# Exercise aim
Once you find the line with "zipper design. Long" in the data that follows, repeat it and every line after it exactly, through the line with "A smart wardrobe".

⁂

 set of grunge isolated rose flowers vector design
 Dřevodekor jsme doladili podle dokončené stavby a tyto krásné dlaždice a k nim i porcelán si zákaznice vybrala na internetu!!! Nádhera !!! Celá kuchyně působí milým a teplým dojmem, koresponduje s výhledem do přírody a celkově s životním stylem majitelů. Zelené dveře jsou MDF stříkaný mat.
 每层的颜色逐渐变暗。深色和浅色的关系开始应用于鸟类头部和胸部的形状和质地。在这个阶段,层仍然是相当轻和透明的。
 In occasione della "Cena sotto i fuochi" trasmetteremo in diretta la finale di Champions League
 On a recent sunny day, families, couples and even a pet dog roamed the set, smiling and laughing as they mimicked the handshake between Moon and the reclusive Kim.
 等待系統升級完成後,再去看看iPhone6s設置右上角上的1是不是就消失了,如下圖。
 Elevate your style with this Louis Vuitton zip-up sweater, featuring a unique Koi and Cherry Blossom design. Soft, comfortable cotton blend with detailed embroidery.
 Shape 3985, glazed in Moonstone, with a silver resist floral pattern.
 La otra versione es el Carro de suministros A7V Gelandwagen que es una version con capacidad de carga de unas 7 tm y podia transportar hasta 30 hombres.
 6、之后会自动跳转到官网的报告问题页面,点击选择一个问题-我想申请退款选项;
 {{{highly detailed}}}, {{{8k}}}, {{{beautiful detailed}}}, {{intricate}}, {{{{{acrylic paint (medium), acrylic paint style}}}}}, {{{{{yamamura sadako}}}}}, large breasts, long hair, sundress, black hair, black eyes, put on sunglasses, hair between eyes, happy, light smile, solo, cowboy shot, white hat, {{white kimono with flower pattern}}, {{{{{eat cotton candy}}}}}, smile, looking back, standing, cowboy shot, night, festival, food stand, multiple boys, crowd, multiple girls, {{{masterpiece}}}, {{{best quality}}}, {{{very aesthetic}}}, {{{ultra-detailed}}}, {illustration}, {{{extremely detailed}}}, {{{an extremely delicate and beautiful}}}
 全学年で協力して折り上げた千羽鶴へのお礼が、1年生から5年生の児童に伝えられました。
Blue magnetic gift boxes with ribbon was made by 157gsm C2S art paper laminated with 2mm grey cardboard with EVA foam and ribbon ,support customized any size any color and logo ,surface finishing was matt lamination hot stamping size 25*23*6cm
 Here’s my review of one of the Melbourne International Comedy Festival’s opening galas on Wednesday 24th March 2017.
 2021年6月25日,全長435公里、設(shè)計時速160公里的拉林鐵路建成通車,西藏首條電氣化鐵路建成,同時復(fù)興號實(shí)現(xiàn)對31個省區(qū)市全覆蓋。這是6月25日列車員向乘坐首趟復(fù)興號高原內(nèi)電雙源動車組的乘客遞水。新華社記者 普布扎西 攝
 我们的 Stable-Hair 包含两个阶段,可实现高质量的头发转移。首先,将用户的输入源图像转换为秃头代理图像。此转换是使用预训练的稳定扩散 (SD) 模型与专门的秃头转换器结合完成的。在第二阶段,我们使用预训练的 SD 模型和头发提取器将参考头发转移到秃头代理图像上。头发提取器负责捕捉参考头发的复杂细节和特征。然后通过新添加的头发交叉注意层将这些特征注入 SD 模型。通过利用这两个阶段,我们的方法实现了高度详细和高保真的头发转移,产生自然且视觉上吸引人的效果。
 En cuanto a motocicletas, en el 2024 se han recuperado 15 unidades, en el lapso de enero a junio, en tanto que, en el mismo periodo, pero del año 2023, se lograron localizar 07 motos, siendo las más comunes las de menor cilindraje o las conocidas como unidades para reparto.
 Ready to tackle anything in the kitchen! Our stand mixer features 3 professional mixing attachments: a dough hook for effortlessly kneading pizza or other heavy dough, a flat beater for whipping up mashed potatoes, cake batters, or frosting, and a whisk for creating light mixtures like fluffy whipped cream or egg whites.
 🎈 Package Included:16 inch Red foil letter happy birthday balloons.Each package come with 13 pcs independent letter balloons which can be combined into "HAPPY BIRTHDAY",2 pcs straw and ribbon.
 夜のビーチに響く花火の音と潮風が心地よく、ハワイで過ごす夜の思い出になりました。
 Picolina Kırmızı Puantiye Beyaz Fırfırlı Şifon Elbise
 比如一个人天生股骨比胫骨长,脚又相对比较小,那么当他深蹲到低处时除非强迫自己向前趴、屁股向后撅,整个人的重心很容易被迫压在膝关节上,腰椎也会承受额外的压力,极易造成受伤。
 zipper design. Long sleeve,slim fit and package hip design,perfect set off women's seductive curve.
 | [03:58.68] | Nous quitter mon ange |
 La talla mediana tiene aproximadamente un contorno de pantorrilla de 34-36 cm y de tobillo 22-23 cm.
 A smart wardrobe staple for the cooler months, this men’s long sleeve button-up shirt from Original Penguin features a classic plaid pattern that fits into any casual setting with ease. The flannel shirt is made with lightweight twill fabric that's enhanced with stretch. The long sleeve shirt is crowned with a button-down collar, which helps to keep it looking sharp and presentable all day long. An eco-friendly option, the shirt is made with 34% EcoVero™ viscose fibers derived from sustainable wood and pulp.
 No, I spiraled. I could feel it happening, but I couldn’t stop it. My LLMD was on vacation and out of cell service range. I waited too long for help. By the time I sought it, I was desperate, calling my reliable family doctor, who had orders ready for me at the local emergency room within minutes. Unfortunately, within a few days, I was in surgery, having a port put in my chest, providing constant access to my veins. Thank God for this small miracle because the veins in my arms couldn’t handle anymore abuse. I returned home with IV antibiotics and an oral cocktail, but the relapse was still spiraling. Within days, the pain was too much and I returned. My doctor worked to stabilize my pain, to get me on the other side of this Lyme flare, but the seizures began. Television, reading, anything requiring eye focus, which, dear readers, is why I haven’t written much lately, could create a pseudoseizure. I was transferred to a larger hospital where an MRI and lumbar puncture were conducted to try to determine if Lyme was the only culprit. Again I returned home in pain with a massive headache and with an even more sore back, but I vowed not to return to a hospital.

⁂

# Expected answer
 zipper design. Long sleeve,slim fit and package hip design,perfect set off women's seductive curve.
 | [03:58.68] | Nous quitter mon ange |
 La talla mediana tiene aproximadamente un contorno de pantorrilla de 34-36 cm y de tobillo 22-23 cm.
 A smart wardrobe staple for the cooler months, this men’s long sleeve button-up shirt from Original Penguin features a classic plaid pattern that fits into any casual setting with ease. The flannel shirt is made with lightweight twill fabric that's enhanced with stretch. The long sleeve shirt is crowned with a button-down collar, which helps to keep it looking sharp and presentable all day long. An eco-friendly option, the shirt is made with 34% EcoVero™ viscose fibers derived from sustainable wood and pulp.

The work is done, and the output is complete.